● **WHAT YOU SHOULD DO**
Restate word for word the lines of the records below, starting at the line that contains "APARTAMENTO:- Cobertura linear" and ending at the line that contains "Like other cenotes, the", with both of those lines included and nothing else.

● **PROVIDED RECORDS**
-=-=-

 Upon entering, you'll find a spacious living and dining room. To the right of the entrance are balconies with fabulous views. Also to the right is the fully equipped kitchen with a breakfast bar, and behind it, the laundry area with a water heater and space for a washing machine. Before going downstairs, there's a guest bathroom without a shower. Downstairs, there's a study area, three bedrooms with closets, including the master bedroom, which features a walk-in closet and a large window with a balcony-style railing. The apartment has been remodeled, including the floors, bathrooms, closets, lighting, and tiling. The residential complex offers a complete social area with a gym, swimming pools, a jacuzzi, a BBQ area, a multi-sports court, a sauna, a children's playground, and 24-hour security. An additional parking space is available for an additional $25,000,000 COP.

-=-=-

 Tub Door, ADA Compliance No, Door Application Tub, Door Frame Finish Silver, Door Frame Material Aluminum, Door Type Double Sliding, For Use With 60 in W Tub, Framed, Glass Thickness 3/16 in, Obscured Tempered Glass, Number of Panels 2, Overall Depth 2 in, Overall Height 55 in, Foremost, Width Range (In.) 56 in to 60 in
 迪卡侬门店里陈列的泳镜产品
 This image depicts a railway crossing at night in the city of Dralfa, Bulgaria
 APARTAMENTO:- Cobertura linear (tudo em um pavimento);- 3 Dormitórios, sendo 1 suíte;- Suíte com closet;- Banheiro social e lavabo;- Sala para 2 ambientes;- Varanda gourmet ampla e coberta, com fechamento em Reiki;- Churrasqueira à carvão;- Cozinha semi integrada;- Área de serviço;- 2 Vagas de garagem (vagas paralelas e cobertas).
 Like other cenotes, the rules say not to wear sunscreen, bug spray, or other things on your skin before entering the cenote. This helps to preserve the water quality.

-=-=-

● **PROBLEM SOLUTION**
 APARTAMENTO:- Cobertura linear (tudo em um pavimento);- 3 Dormitórios, sendo 1 suíte;- Suíte com closet;- Banheiro social e lavabo;- Sala para 2 ambientes;- Varanda gourmet ampla e coberta, com fechamento em Reiki;- Churrasqueira à carvão;- Cozinha semi integrada;- Área de serviço;- 2 Vagas de garagem (vagas paralelas e cobertas).
 Like other cenotes, the rules say not to wear sunscreen, bug spray, or other things on your skin before entering the cenote. This helps to preserve the water quality.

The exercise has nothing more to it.